The shift from the proprietary to non-exclusive business model, and from 2D to 3D, continued into the 1990s. The growth of the 2D libraries began to decline, and the growth of 3D libraries increased dramatically. The industry moved much more rapidly to embrace the non-exclusive business model for 3D data. However, 3D data was much more expensive than 2D data. The capital investments in data being made by the geophysical industry in the 1990s were many times greater than the investments made in the prior decade. The industry-wide rate of investment increased throughout the decade.
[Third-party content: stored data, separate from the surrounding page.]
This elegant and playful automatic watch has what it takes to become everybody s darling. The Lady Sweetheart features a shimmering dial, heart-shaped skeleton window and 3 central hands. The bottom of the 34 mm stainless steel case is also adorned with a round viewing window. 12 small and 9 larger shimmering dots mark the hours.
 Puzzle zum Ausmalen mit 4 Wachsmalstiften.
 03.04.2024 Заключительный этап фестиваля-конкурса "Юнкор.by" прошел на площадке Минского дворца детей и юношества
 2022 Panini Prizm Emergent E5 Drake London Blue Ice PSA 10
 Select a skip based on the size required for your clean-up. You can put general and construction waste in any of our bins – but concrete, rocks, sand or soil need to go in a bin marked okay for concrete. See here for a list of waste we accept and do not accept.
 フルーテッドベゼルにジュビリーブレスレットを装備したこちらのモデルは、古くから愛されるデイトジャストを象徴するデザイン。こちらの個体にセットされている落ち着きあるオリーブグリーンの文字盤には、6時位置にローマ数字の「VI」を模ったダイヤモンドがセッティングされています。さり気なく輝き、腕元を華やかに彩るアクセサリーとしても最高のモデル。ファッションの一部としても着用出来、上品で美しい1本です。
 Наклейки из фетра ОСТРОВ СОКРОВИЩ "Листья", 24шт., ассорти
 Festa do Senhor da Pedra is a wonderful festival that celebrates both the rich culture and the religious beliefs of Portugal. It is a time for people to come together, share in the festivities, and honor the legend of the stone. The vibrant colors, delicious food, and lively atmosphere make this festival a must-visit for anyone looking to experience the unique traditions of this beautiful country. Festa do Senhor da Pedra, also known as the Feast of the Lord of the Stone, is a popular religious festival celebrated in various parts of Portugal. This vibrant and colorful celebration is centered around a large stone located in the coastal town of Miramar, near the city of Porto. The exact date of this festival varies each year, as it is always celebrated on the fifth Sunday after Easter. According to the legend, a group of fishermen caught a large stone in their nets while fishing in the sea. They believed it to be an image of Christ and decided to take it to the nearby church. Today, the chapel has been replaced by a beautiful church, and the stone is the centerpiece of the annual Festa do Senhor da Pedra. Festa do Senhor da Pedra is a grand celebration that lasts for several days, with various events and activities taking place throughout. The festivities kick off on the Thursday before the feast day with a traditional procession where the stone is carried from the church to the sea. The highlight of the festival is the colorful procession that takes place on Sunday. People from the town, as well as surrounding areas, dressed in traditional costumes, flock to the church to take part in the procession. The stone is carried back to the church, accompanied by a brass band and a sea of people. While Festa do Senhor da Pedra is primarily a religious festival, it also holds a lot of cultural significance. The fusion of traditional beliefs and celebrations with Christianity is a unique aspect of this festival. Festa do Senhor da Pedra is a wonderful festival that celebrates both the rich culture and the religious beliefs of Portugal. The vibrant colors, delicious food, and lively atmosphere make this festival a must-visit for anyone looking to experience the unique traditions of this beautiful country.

By the middle of the 1990s, the non-exclusive business model was dominating 3D data acquisition in the Gulf of Mexico, just as it had 2D in the 1980s. In the North Sea, a fairly reasonable balance was reached between proprietary and non-exclusive models for 3D data. By the late 1990s, non-exclusive 3D surveys were being conducted in Asia, Australia, Africa and Canada.

Today, the geophysical industry is dominated by the non-exclusive data business. The vast majority of all marine 3D surveys acquired around the world, and a large proportion of the land and transition zone 3D data in North America, are being collected on a non-exclusive basis. Large non-exclusive 2D surveys, although less common, are still acquired in frontier marine basins, and onshore western Canada. They will continue to play a very important role in exploration. Proprietary 2D surveys continue at a steady rate.

The authors feel this overwhelming global shift to the non-exclusive model in 3D in the past two years is excessive, and is due more to the highly depressed state of the industry than to good investment fundamentals. This unhealthy trend must correct itself quickly in order to avoid long term damage to the geophysical industry.


  • Non-exclusive data: Data that is owned by a geophysical or data company, and licensed for a fee to E&P companies under a non-exclusive use-license. The use-licenses are restricted in that the buyer of the data license (licensee) may only use the data subject to important restrictions that protect the value of the asset for the owner.
  • Group shoot: This term was used for a type of seismic survey popular in the 1960s, 1970s, and early 1980s. In a group shoot, seismic, and/or gravity and magnetic data were acquired for a group of E&P companies, usually operating under an AMI (area of mutual interest) in a frontier basin. The acquisition contractor was often a participant in the group because he carried a share of the costs, usually an equal share with the other group members. The group shared the cost of the survey at market rates and the contractor was not expected to provide a turnkey price. The contractor usually had the right to market the data to third parties after the group members had evaluated it, and the group members typically received benefit from subsequent sales in proportion to their shares.
  • Spec shoot: A spec shoot is a speculative survey in which the seismic contractor carries all or a substantial portion of the cost and risk of the survey, and retains the revenue from license sales of the non-exclusive data to E&P companies.
  • Brokerage data: In the 1970s and 1980s, the major oil companies acquired large volumes of 2D seismic data around the world, particularly onshore and offshore North America, which they ultimately allowed to be licensed to third parties on a non-exclusive basis through data brokerage companies. Many of these volumes were later purchased by spec data companies and made a part of their non-exclusive libraries.
  • Modern non-exclusive data: The age of modern non-exclusive data began in the early 1980s when several companies decided to make high quality regional spec data the primary focus of their business. Since then the quantity, quality and value of the non-exclusive data libraries of the world has increased dramatically. Today the terms: multi-client, spec, and non-exclusive are synonyms.
  • Pre-funding or pre-sales: These are license sales made by the owner before or during the acquisition of the data. By securing some sales commitments in advance, the capital requirements and risk taken by the owner can be managed.
  • Late sales: These are license sales made after the risk is taken by the owner and/or after the data is acquired and available for delivery.
Editor's note: This is a summary of a paper given at the IAGC Conference in Houston (November 1999).